--- Description of the task ---
Print the lines below from the line with "39, La Vieille-Loye, lieudit : la Verrerie" to the line with "O aumento do" exactly, keeping both ends, and print no pictures.
*** Listed records Section Begins ***
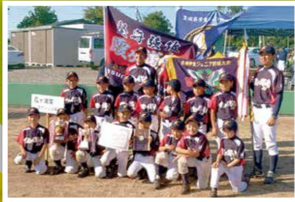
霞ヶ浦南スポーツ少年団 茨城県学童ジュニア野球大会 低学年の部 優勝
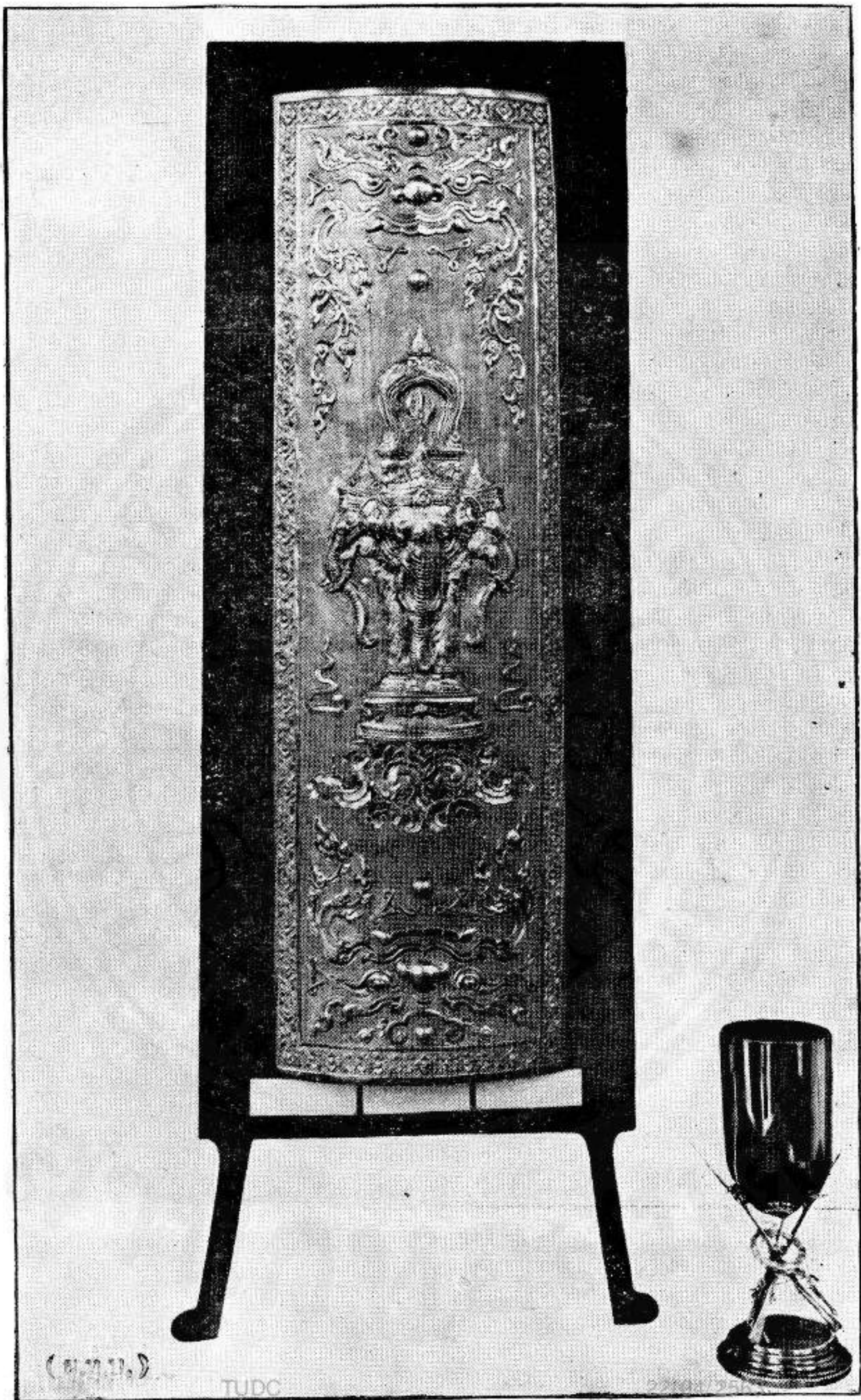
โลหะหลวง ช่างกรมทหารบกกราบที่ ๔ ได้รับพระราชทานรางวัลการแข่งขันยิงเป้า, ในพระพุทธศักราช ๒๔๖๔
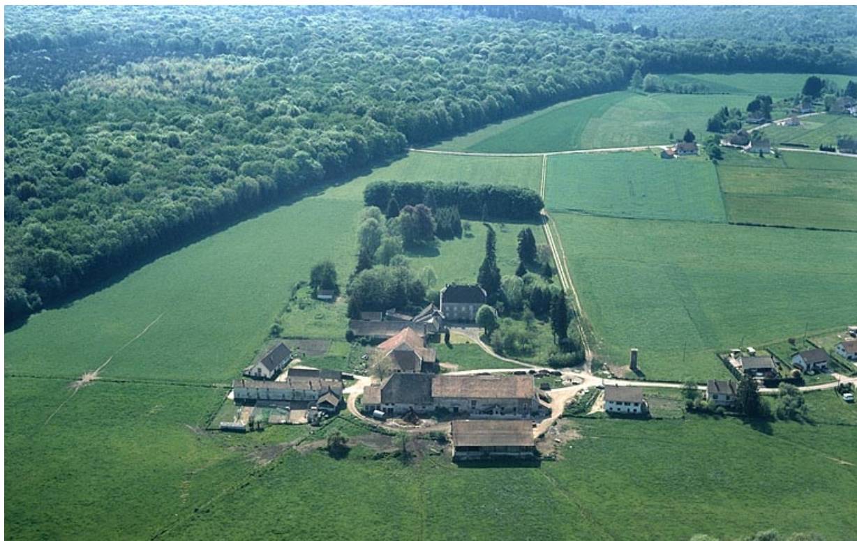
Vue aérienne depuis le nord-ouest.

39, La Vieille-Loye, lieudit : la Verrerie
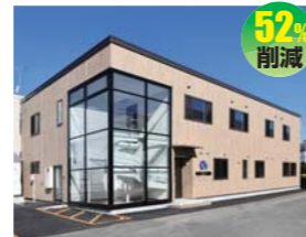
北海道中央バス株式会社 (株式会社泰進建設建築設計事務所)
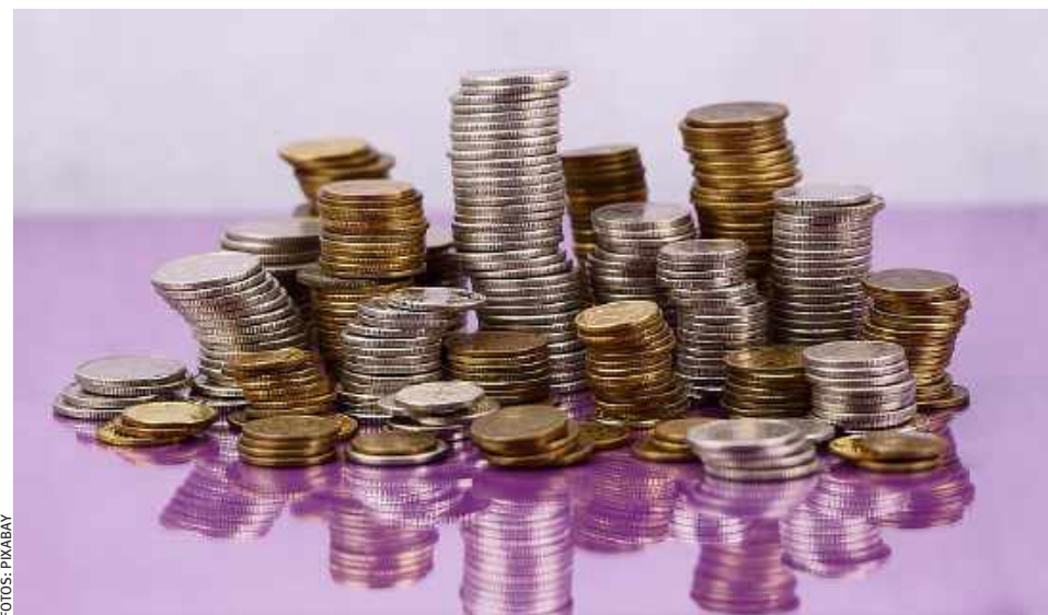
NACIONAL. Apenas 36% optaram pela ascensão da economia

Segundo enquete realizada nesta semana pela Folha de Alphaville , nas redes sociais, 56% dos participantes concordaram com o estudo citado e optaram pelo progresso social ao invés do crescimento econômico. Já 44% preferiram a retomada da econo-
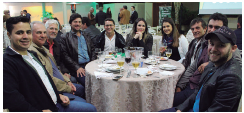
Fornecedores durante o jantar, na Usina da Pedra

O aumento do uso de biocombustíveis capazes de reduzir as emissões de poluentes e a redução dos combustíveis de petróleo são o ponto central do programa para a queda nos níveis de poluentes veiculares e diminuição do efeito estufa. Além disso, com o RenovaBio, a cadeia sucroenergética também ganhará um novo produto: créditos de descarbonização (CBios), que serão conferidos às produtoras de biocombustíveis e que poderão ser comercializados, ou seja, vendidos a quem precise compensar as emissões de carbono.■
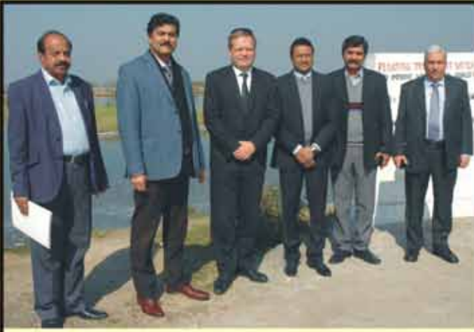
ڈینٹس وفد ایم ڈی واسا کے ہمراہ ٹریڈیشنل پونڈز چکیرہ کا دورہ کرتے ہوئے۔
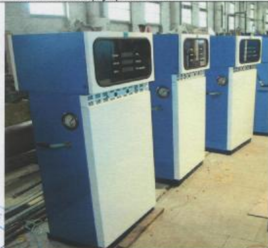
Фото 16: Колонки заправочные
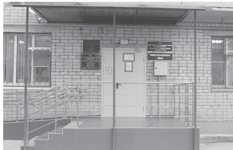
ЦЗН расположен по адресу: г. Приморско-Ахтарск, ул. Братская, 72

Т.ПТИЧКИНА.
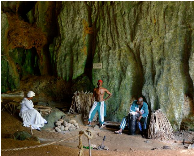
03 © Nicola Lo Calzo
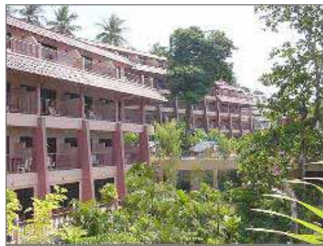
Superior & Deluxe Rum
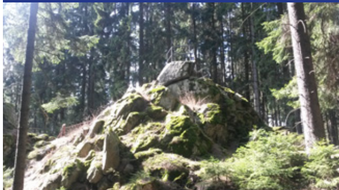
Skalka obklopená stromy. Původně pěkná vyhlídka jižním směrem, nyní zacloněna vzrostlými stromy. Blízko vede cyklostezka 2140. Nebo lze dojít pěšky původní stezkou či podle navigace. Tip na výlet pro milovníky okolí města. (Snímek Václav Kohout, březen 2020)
*** Listed records Section Ends ***
*** Listed records Section Begins ***
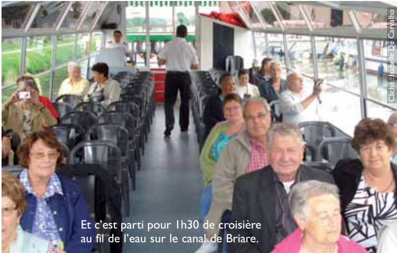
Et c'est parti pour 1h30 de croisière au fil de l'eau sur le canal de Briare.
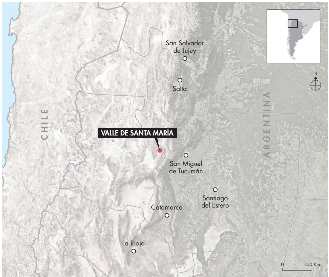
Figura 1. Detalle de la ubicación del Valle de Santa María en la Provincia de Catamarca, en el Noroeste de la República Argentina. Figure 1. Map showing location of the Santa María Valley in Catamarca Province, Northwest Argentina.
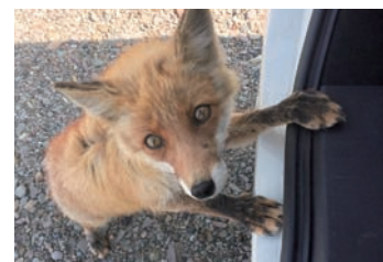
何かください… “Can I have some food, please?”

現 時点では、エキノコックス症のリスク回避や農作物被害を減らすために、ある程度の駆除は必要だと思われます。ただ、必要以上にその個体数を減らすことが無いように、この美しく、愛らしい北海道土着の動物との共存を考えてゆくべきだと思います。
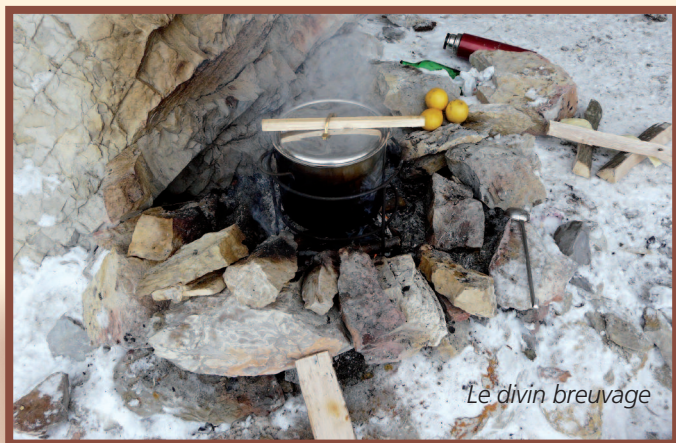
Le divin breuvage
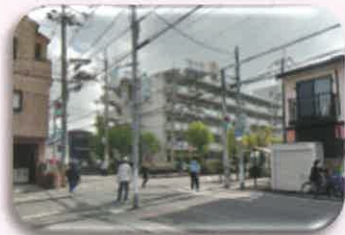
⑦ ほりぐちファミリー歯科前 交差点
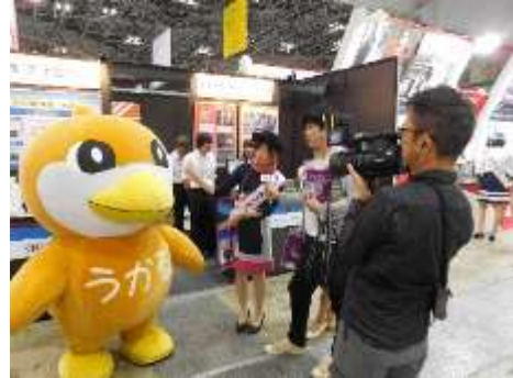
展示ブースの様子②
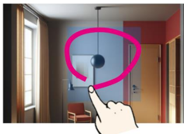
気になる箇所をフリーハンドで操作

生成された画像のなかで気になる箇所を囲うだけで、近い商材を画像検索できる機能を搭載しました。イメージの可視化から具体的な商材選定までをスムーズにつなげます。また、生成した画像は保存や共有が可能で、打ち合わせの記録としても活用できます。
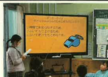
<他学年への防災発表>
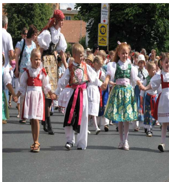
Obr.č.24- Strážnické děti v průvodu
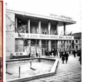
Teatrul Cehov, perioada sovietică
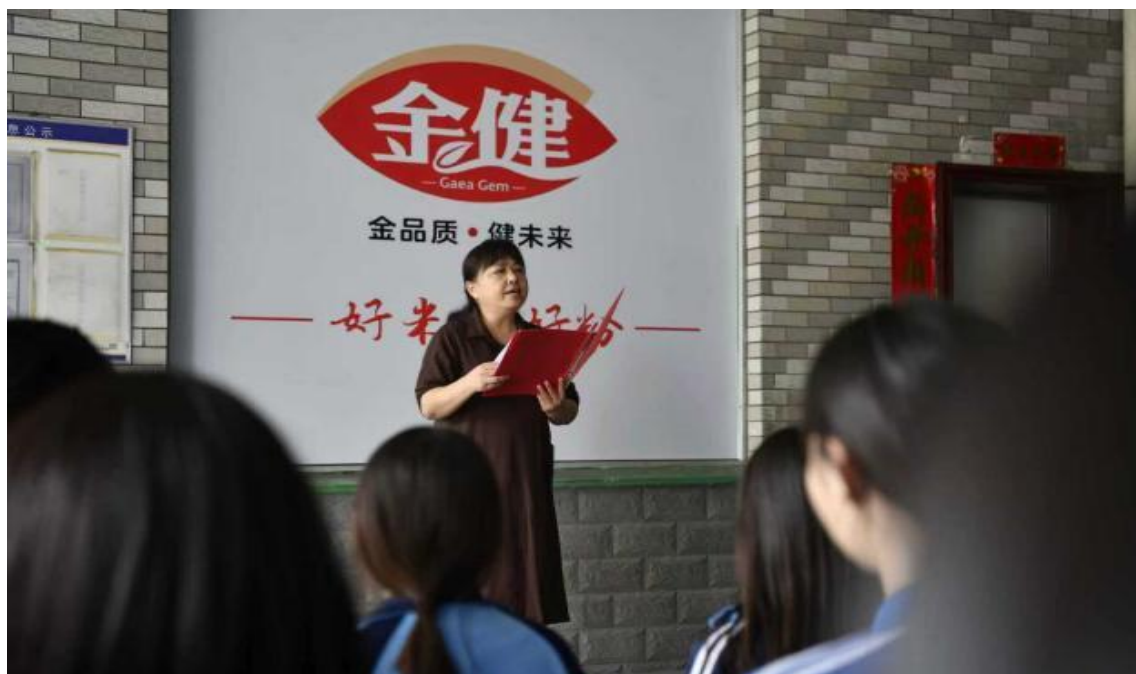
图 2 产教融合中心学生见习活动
*** Listed records Section Ends ***
--- Result of the exercise ---
39, La Vieille-Loye, lieudit : la Verrerie
北海道中央バス株式会社 (株式会社泰進建設建築設計事務所)
NACIONAL. Apenas 36% optaram pela ascensão da economia

Segundo enquete realizada nesta semana pela Folha de Alphaville , nas redes sociais, 56% dos participantes concordaram com o estudo citado e optaram pelo progresso social ao invés do crescimento econômico. Já 44% preferiram a retomada da econo-
Fornecedores durante o jantar, na Usina da Pedra

O aumento do uso de biocombustíveis capazes de reduzir as emissões de poluentes e a redução dos combustíveis de petróleo são o ponto central do programa para a queda nos níveis de poluentes veiculares e diminuição do efeito estufa. Além disso, com o RenovaBio, a cadeia sucroenergética também ganhará um novo produto: créditos de descarbonização (CBios), que serão conferidos às produtoras de biocombustíveis e que poderão ser comercializados, ou seja, vendidos a quem precise compensar as emissões de carbono.■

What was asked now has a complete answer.